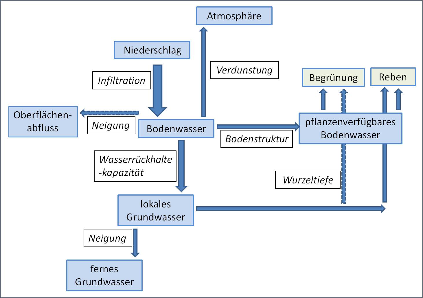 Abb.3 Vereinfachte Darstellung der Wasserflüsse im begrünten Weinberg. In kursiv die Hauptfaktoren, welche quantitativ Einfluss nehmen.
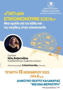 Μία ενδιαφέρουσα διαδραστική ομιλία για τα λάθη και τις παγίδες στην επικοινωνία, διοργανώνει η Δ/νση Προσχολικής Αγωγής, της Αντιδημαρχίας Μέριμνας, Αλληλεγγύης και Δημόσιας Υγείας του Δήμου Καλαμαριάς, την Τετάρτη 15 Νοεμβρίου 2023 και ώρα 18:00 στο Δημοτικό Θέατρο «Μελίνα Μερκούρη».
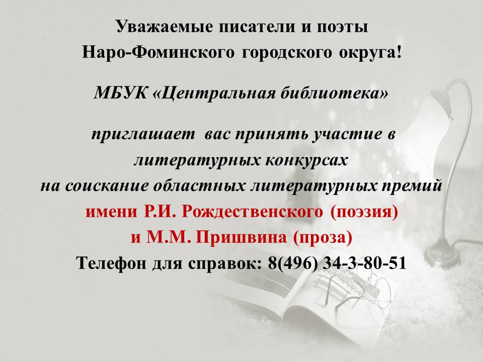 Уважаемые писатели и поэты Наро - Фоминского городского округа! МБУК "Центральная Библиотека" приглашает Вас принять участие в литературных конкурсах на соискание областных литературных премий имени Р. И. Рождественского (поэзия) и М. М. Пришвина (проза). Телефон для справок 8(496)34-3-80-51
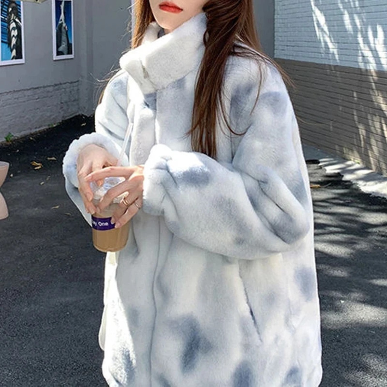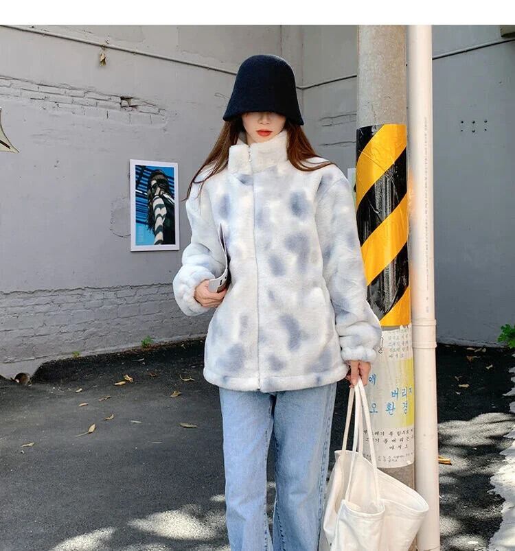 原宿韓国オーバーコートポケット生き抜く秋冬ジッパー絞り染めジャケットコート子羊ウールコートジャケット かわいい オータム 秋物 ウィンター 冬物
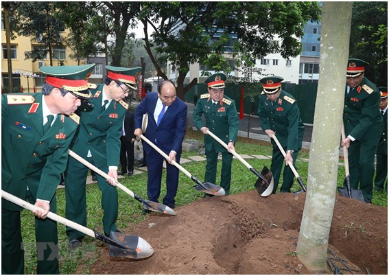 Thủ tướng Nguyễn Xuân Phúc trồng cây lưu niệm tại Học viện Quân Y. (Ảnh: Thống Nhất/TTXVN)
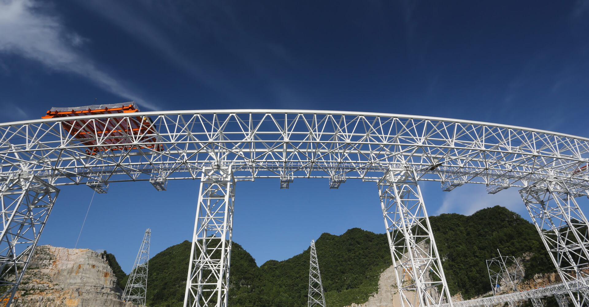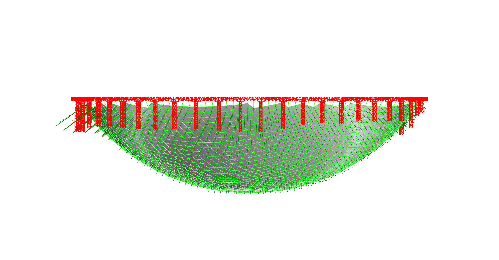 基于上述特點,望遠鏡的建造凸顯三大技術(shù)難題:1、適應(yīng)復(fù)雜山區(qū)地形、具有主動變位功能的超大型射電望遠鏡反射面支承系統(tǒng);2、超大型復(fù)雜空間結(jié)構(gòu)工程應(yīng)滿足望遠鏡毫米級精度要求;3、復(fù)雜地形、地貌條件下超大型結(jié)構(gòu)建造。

==

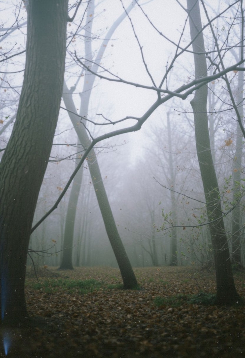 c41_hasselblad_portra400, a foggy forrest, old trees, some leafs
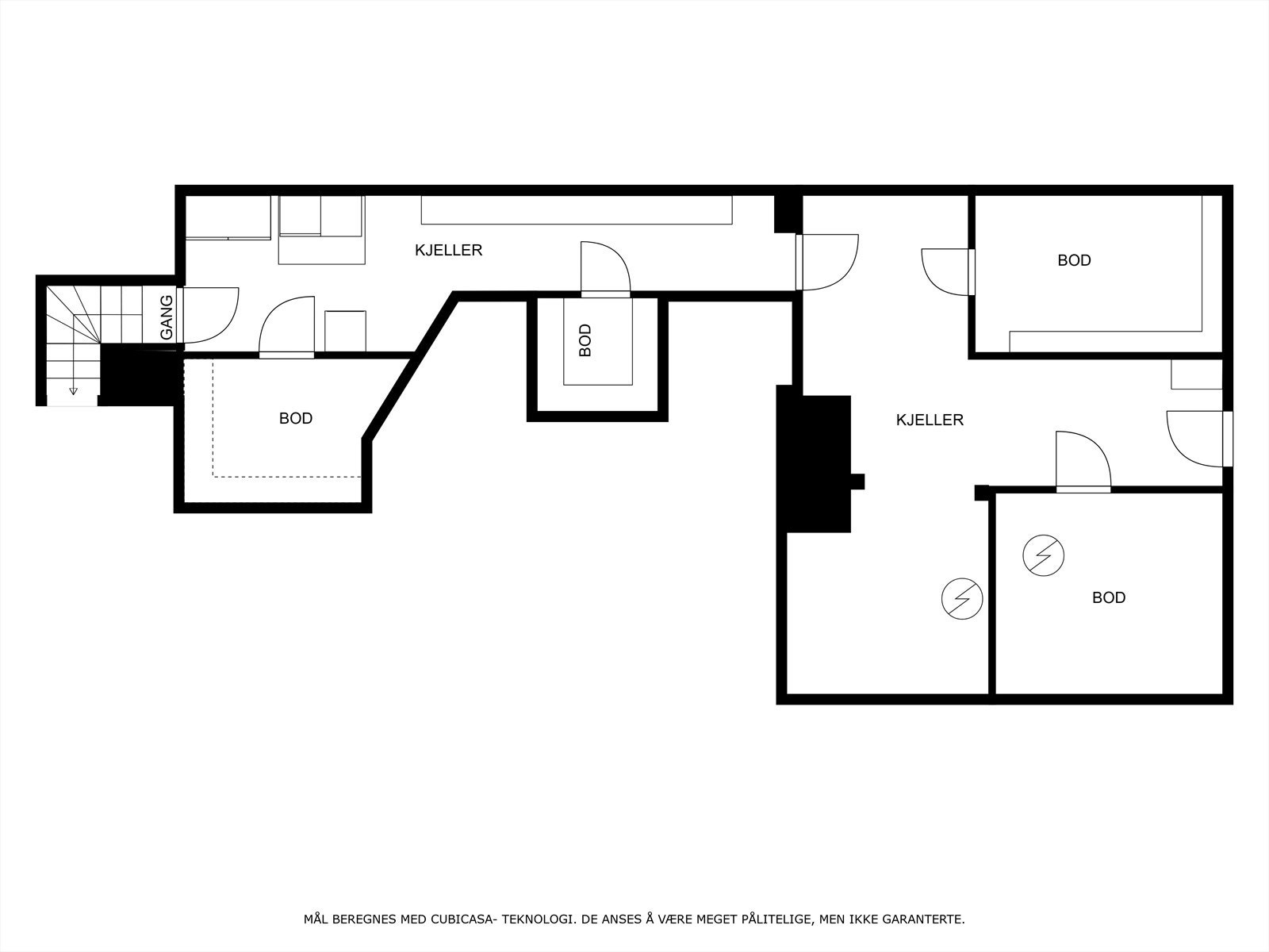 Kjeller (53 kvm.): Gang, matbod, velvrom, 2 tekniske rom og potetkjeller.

--

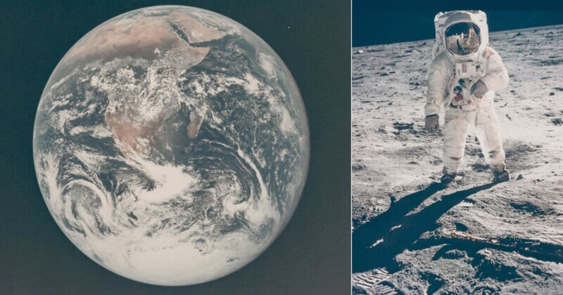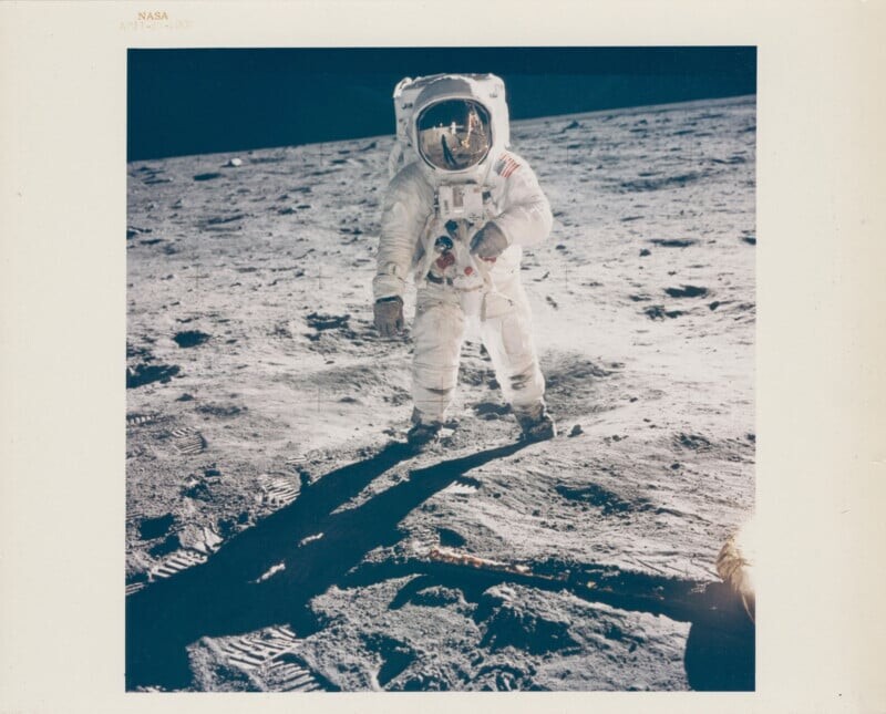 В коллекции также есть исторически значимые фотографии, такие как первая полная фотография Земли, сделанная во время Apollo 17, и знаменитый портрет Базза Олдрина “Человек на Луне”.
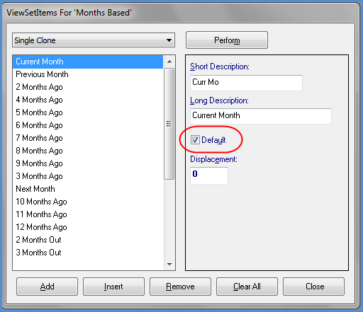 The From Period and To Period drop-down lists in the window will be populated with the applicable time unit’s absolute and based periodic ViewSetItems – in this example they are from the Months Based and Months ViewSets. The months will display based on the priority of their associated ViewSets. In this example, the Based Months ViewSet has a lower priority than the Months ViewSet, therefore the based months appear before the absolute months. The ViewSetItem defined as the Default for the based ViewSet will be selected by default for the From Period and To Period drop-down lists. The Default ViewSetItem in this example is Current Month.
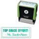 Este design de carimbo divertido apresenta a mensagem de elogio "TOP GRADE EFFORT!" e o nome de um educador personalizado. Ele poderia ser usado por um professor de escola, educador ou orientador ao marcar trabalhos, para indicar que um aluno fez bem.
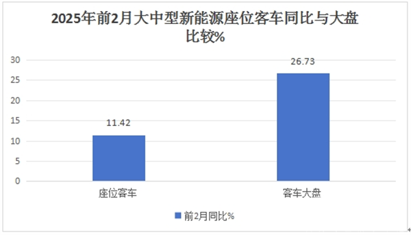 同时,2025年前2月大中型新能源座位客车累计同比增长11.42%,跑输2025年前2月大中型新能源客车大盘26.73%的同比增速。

→ Your assignment
Reproduce the listing above from the line that holds "c41_hasselblad_portra400, a foggy" through the line that holds "Kjeller (53 kvm.): Gang, matbod, velvrom, 2", both included, with the pictures left out.

→ Response to this task
 c41_hasselblad_portra400, a foggy forrest, old trees, some leafs
 Kjeller (53 kvm.): Gang, matbod, velvrom, 2 tekniske rom og potetkjeller.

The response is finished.